I've used LVDS transceivers for links up to 50 Mbps or so, and this is rather straightforward.
But we're talking about an order of magnitude faster with the idea of using USB PHYs in HS mode.

You never said what kind of speed you're looking for, so I tried to cover the whole spectrum. For lower speeds and long transmission lines, RS485/422 is definetly the best choice as it's the most reliable channel.

Quote from: SiliconWizard on April 29, 2022, 08:39:02 pm

I know this is doable with SERDES, but as I said, some FPGAs do not even have true SERDES, and even when they do,while the TX part is straightforward, the RX part, not necessarily so for recovering the clock.
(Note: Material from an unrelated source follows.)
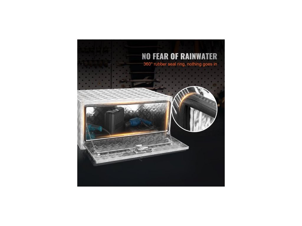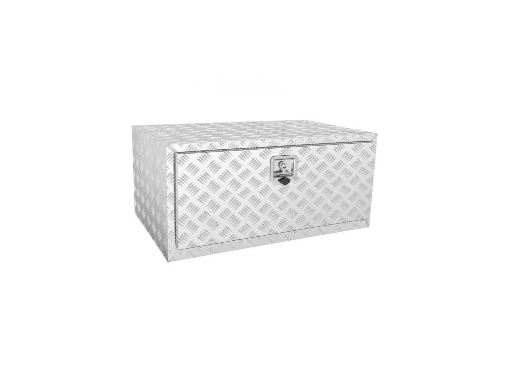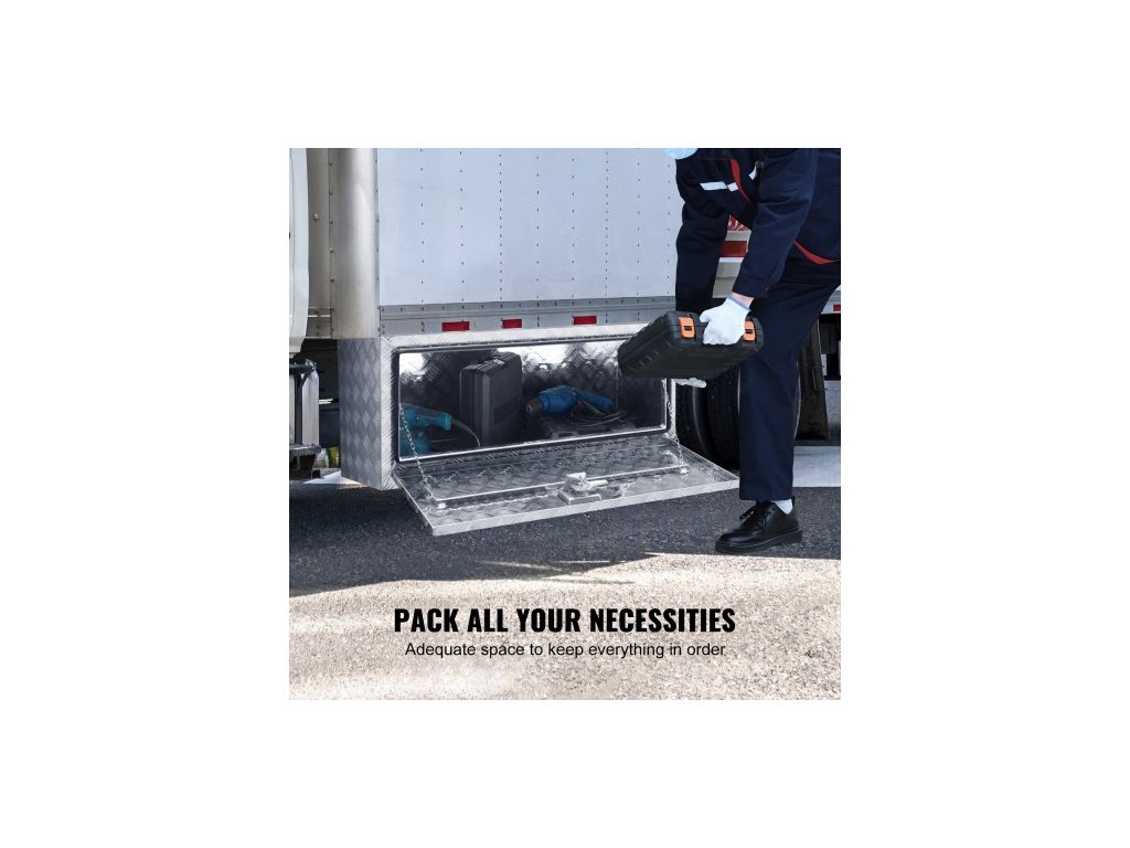 úložný box na podvozek nákladního vozu, úložný box na pickup 91 × 61 × 61 cm, odolný hliníkový box na nářadí s diamantovým plechem se zámkem a klíči, vodotěsný úložný box na přívěs s T-rukojetí pro nákladní automobily, dodávky a přívěsy

Some FPGAs do have proper CDR, with some other, you need to hand-implement them. This is not trivial to implement robust CDR. I'm sure some vendors provide ready-to-use IPs for this. I'll have to see for the Artix-7, but otherwise, you often have to go for higher-end devices. I've read a couple papers about CDRs too, and implementing this on FPGAs with no CDR and just by oversampling, it seems hard to reach beyond something like 200-300Mbps reliably, and it's not even trivial...

Xilinx provides an appnote with ready-to-use HDL for implementing 4x oversampling up to 1.25 Gpbs, so it's completely trivial. You just need any 7 series FPGA with speed grade of 2 or higher (or you are willing to overclock the SG1 device).

Quote from: SiliconWizard on April 29, 2022, 08:39:02 pm

So. After having read the ULPI spec, I actually think using USB 2.0 PHYs should be absolutely doable. The "only" constraint you'd have is that the transmission of data would have to occur in data packets as defined by the USB standard - that's basically a sync preamble, packet ID, data payload, CRC and end of packet. Since there's a sync preamble at the beginning of each packet, there is nothing else to do for clock synchronization actually, if I understood it right. All the rest is for the USB protocol (like speed "negotiation", tokens, etc).

Well give it a try and let us know how it went.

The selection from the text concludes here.